Mustard is a broadleaf, cruciferous, cool-seasoned annual oilseed crop produced primarily for the condiment market. Two species and three types of mustards are grown in Western Canada: Sinapis alba (yellow mustard) and Brassica juncea (brown and oriental mustards). The different types of mustard vary in physical appearance (see how to distinguish mustard from canola) and use. In this document the term crucifers will be used to describe all plants in the Brassicaceae family (formerly Cruciferaceae family). The term brassica will be used to refer to plants in the genus Brassica.
Yellow mustard has a yellow seed coat and is primarily grown for the North American condiment industry, where it is used to produce traditional yellow mustard condiment, mayonnaise and certain salad dressings. The seed of yellow mustard also contains a water-binding mucilage that has been used as a binding agent and protein extender in prepared meats.

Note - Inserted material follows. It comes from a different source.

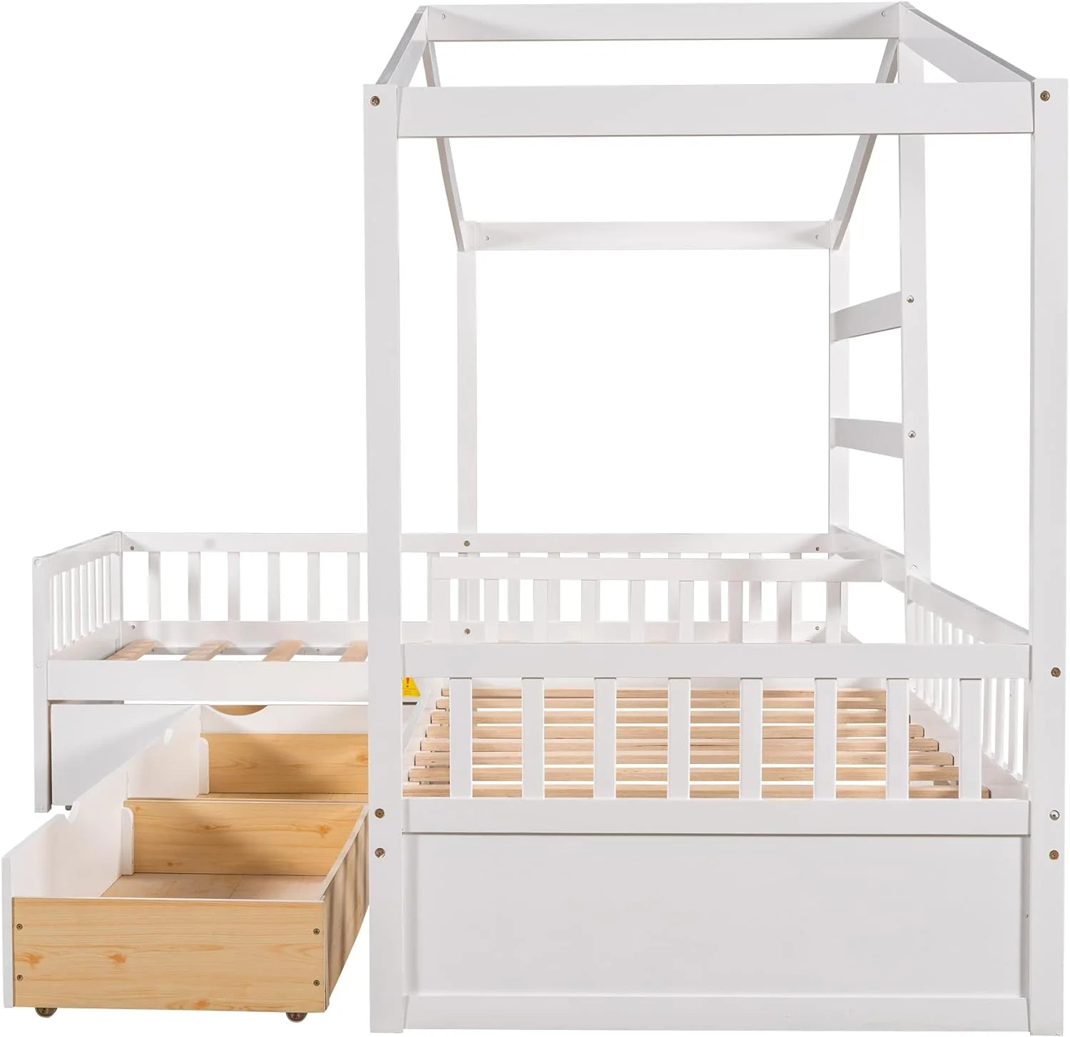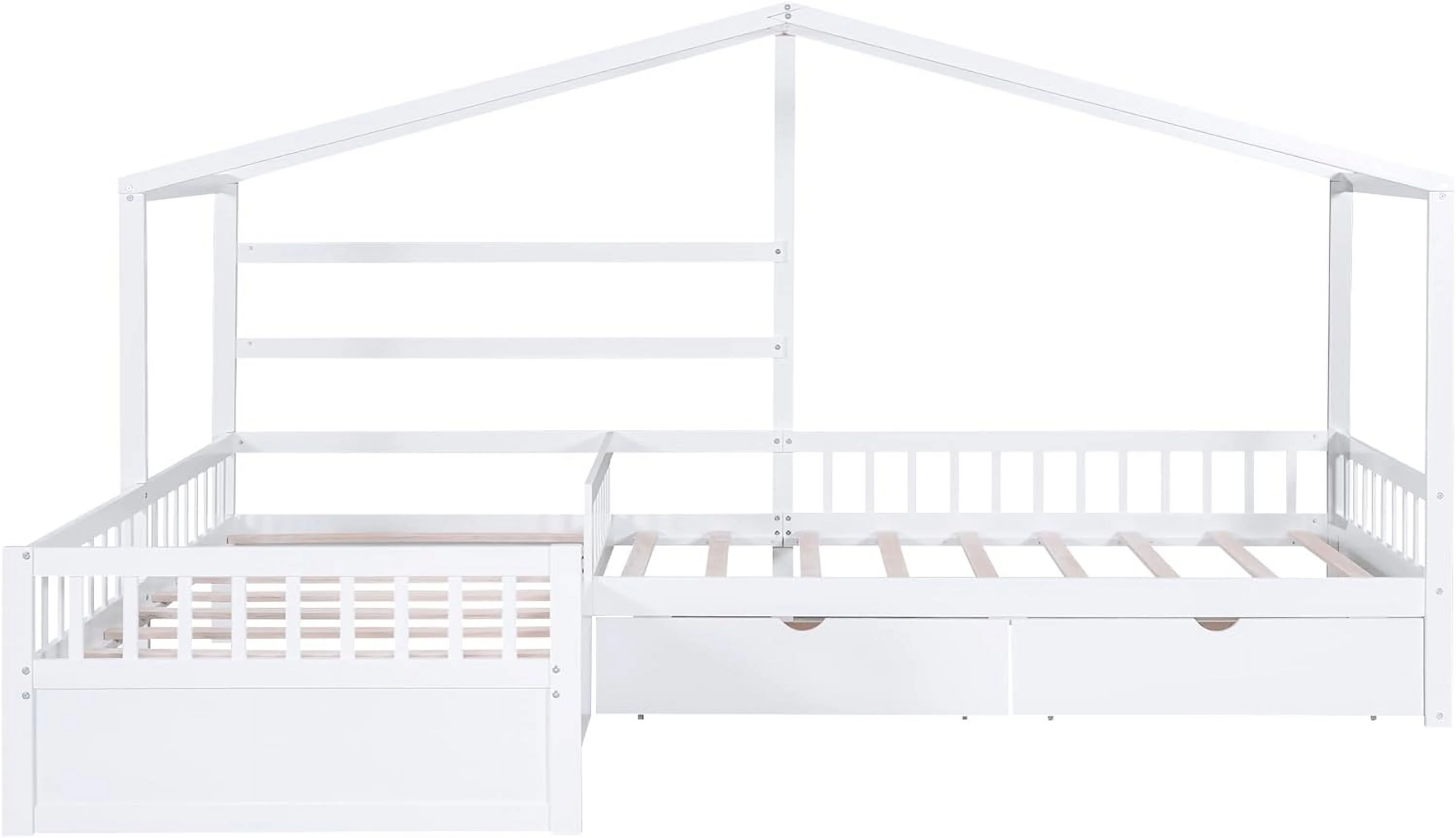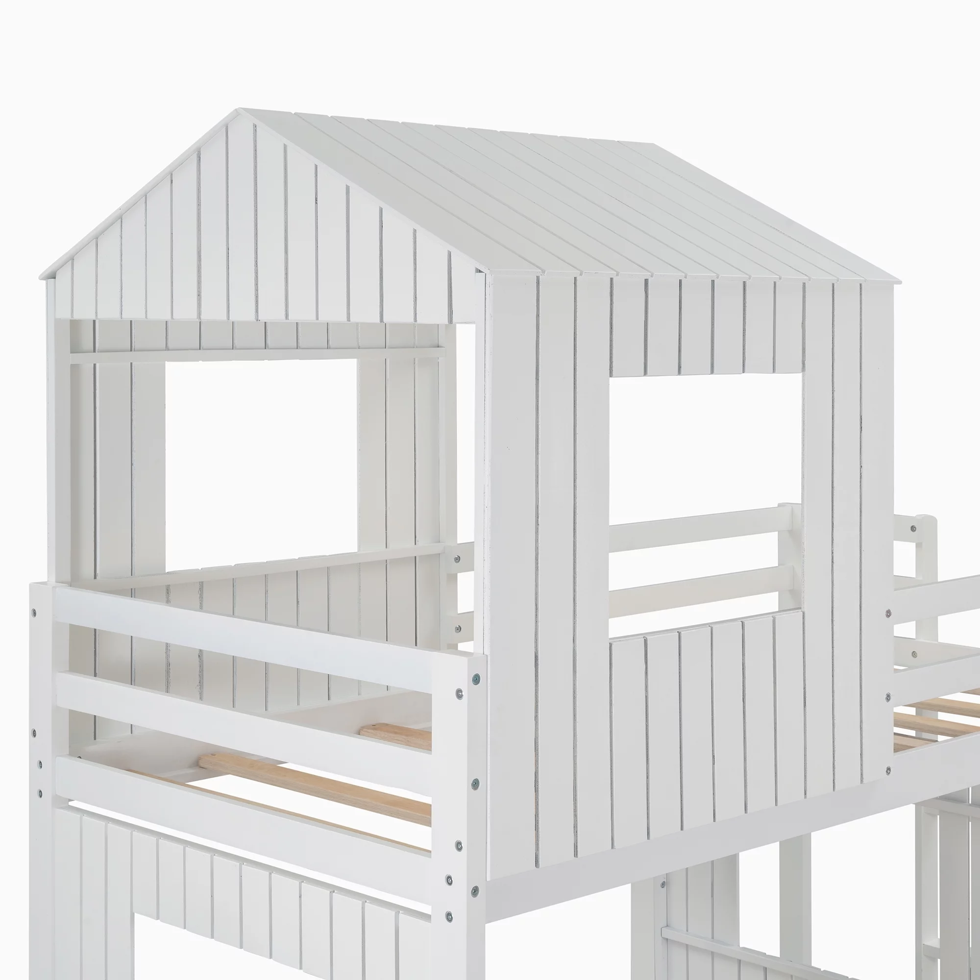 Wooden Twin Over Full Bunk Bed, Loft Bed with Playhouse, Farmhouse, Ladder and Guardrails, White( old sku: LT000027AAK )

Brown and hybrid brown mustards have a reddish brown to dark brown seed coat while oriental mustard seeds are primarily yellow to dark yellow. Both brown and oriental mustards are used to create products that are spicier than yellow mustard condiments. Brown mustard is primarily exported to Europe where it is used to produce condiments and specialty mustards like Dijon mustard. Oriental mustard is primarily grown for export to Asian countries where it is used to produce condiments. Oriental mustard oil is used as a spicy cooking oil in some Asian countries, but is not consumed as an oil in North America.
A fourth type of mustard, Brassica carinata, commonly called “carinata” or “Ethiopian mustard,” has been grown in Saskatchewan; interest in this crop was primarily for bioplastic or biofuel industries. Due to changing markets, however, there has been little to no carinata production in the province for several years. This production manual therefore focuses on yellow, brown and oriental.